→ **Material to process**
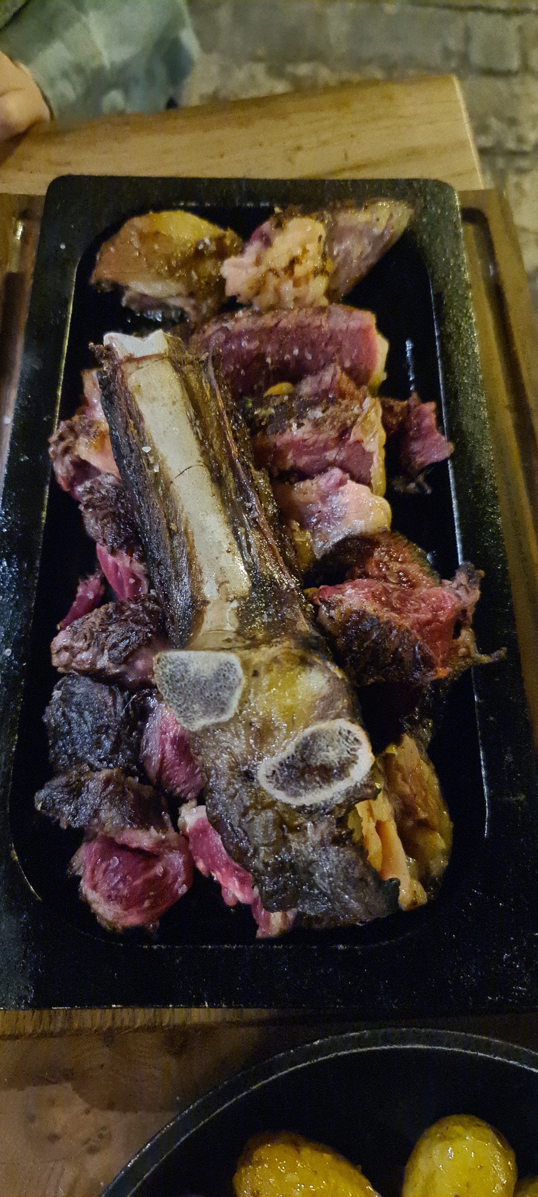 Posté le 07/09/2024 à 21:08"Rendez-vous en viandes inconnue Après 1H30 de route avec trois amis, exprès pour essayer ce fameux restaurant nous arrivons devant la magnifique statue de sanglier... Pas déçus ! Allez-y les yeux fermés car l'odeur de la formidable sélection de viandes maturées vous guidera droit vers une table de ce fabuleux repaire. D'excellents conseils pour la cave à vin (qui nous aura valu, par ailleurs, de commander deux autres bouteilles). La planche canaille est excellente, suivie du duo d'os à moelle 👌 rien à ajouter... Simplement parfait. Pour les viandes, nous avons opté pour une côte de Holstein et une de Galice d'1kg chacune. Pour les accompagnements on a fait simple: on les a tous pris. À part un dernier petit bout de viande, tout y est passé tant la qualité était présente. Celà ne nous à pas empêché de prendre également un dessert de chaque, eux aussi très bon. Si j'avais quelques chose à redire ce serait peut être sur l'ambiance générale (tenue sans doute trop sobre, fond musical potentiellement) mais nos coeurs (et nos estomacs) ont étés plus que ravis. Au plaisir de vous revoir 🥩🍷😘"
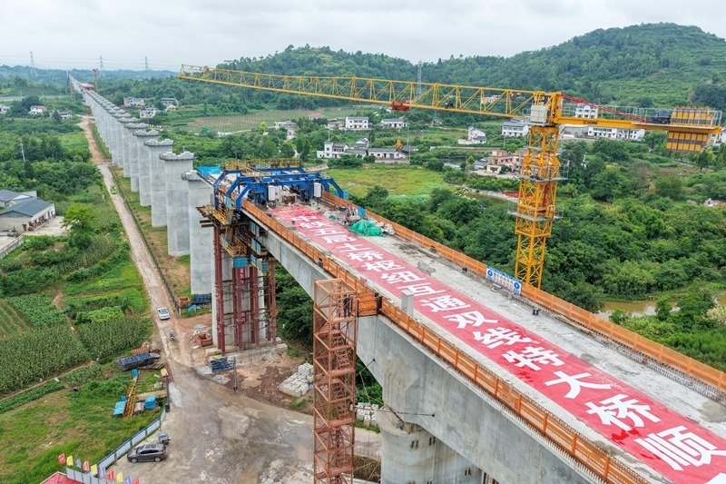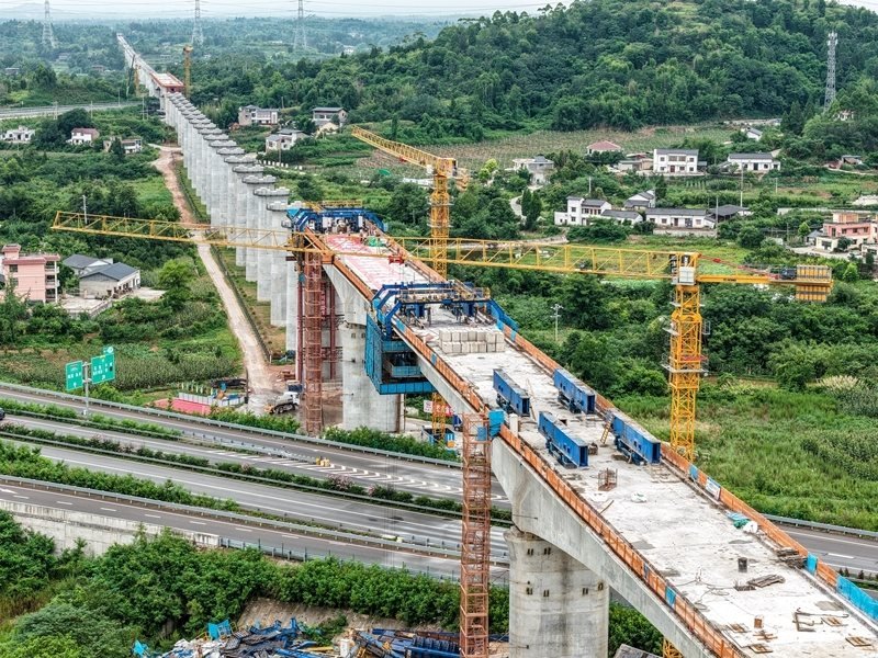 成渝中線高鐵重慶段最大跨度連續(xù)梁順利合龍
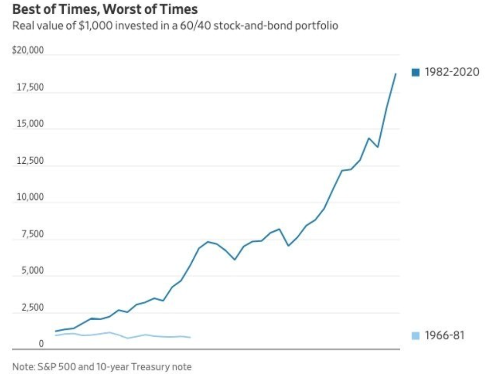 The last time the US experienced stagflation (1966 – 1981) the 60/40 stock/bond portfolio went sideways for 15 years, or down 50% in real terms!
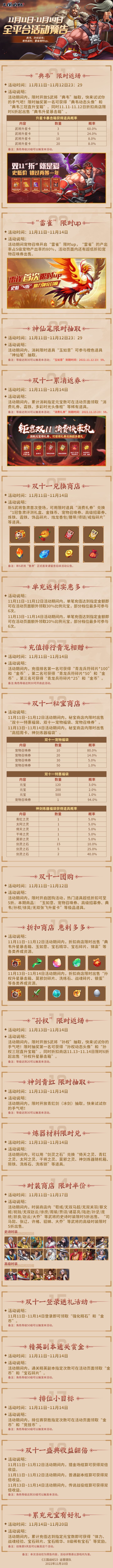 《三国战纪2》11月11日-11月14日全平台活动预告
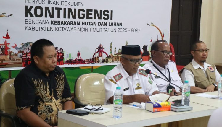 Rapat tersebut dihadiri oleh Penjabat Sekretaris Daerah (PJ Sekda) Kotim, Masri, S.E., CGCAE. Dalam sambutannya, Masri menyampaikan pentingnya penyusunan dokumen kontingensi bencana sebagai langkah antisipasi menghadapi ancaman kebakaran hutan dan lahan.

→ **What you need to do**
Return the whole listing word for word, minus its pictures.

→ **Response to this task**
 Posté le 07/09/2024 à 21:08"Rendez-vous en viandes inconnue Après 1H30 de route avec trois amis, exprès pour essayer ce fameux restaurant nous arrivons devant la magnifique statue de sanglier... Pas déçus ! Allez-y les yeux fermés car l'odeur de la formidable sélection de viandes maturées vous guidera droit vers une table de ce fabuleux repaire. D'excellents conseils pour la cave à vin (qui nous aura valu, par ailleurs, de commander deux autres bouteilles). La planche canaille est excellente, suivie du duo d'os à moelle 👌 rien à ajouter... Simplement parfait. Pour les viandes, nous avons opté pour une côte de Holstein et une de Galice d'1kg chacune. Pour les accompagnements on a fait simple: on les a tous pris. À part un dernier petit bout de viande, tout y est passé tant la qualité était présente. Celà ne nous à pas empêché de prendre également un dessert de chaque, eux aussi très bon. Si j'avais quelques chose à redire ce serait peut être sur l'ambiance générale (tenue sans doute trop sobre, fond musical potentiellement) mais nos coeurs (et nos estomacs) ont étés plus que ravis. Au plaisir de vous revoir 🥩🍷😘"
 成渝中線高鐵重慶段最大跨度連續(xù)梁順利合龍
 The last time the US experienced stagflation (1966 – 1981) the 60/40 stock/bond portfolio went sideways for 15 years, or down 50% in real terms!
 《三国战纪2》11月11日-11月14日全平台活动预告
 Rapat tersebut dihadiri oleh Penjabat Sekretaris Daerah (PJ Sekda) Kotim, Masri, S.E., CGCAE. Dalam sambutannya, Masri menyampaikan pentingnya penyusunan dokumen kontingensi bencana sebagai langkah antisipasi menghadapi ancaman kebakaran hutan dan lahan.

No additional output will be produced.